While continuing to explore the political ideas that he wrote about in Theatre of Hate, Brandon's lyrics for Spear of Destiny dealt more frequently with the classic pop themes of love and romance. Many line-up changes followed with the band swelling to a 6-piece and then contracting back to a 4-piece. The band's reputation as a live act never translated itself into record sales, and Spear of Destiny only had one Top 20 hit, "Never Take Me Alive", which reached number 14 in the UK Singles Chart in 1987.

In 2003, Brandon did a solo tour as support to The Alarm on their 'Poppyfields' tour. His set included some new material played on an acoustic guitar with electric pick up, as well as some material from his time with Theatre of Hate and Spear of Destiny.

In later years he performed in the punk supergroup, Dead Men Walking, before reforming and touring with Spear of Destiny in 2007 and 2008.
Brandon continues to tour with both Spear of Destiny and Theatre of Hate, as well as a revamped Dead Men Walking and playing occasionally as The Pack.

== Personal life ==

As a boy, Brandon attended Churston Ferrers Grammar School in Devon.

In 1987, Brandon developed reactive arthritis and could not walk for more than a year.

Brandon was married in 1994 to a Danish woman, Christina. Shortly afterwards, he was declared bankrupt.

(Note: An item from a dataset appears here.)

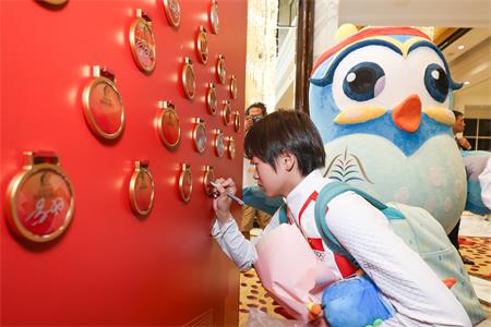 今日下午,銀娛在“銀河酒店”大堂為奧運健兒代表團舉辦簡單而隆重的歡迎儀式,熱情接待代表團入住。當中,澳門特區政府體育局代局長張子軒先生以及代副局長李詩靈女士;銀娛副主席呂耀東先生、董事程裕昇先生以及企業事務董事林志成先生在現場迎接,逐一向每位代表予以誠摯的歡迎。期間,多位運動員在銀娛特意製作的獎牌牆留下親筆簽名,並接受由澳門弱智人士家長協進會成員為奧運健兒用心製作的歡迎花束,以及深受旅客歡迎的“童”在銀河的孔雀“小淘淘”紀念品。此外,銀娛亦於歡迎儀式上特別安排冠名贊助多年之“銀娛澳門盃— 青少年國情知識競賽”的多名參賽師生到場列隊歡迎,不僅讓其近距離目睹多名奧運健兒的風采,更能從中提升社區體育氛圍以及對國家的自豪感;冀透過訪澳活動連結本澳不同社群,共同感受奧運健兒的風采。

In 1997, Brandon sued the singer Boy George for malicious falsehood. In his 1995 autobiography Take It Like a Man, George stated that he had had a homosexual relationship with Brandon years earlier. Brandon denied that he had had sex with George and stated that stories about their alleged relationship had damaged his career as a musician. He also objected to the lyrics of a Boy George song, "Unfinished Business", which apparently were aimed at him: "I hear you married a Danish girl ... You break your promise easily ... You lie, you lie, you lie. Yeah tough guy, you know exactly what I mean." Brandon demanded damages from Boy George, George's publishers, Sidgwick and Jackson, and also from Virgin Records and EMI Virgin Music Publishing. In April 1997, Mr Justice Douglas Brown ruled in favor of George, adding that he did not believe Brandon when Brandon denied having had a physical relationship with George. The judge ordered Brandon to pay £200,000 to Virgin Records, EMI Virgin Music, and the book publisher in court costs. Following the lawsuit, Brandon declared bankruptcy, which resulted in Boy George paying over £20,000 in legal fees instead.

In January 2008, Brandon sued GlaxoSmithKline UK over personal injuries as a result of taking the anti-depressant drug Seroxat.

Brandon had heart surgery in 2011.

He was a tutor at the BIMM University in 2012.

==Media portrayal==
Brandon was portrayed by Richard Madden in the 2010 television film Worried About the Boy, a dramatisation of Boy George's rise to fame in the early 1980s.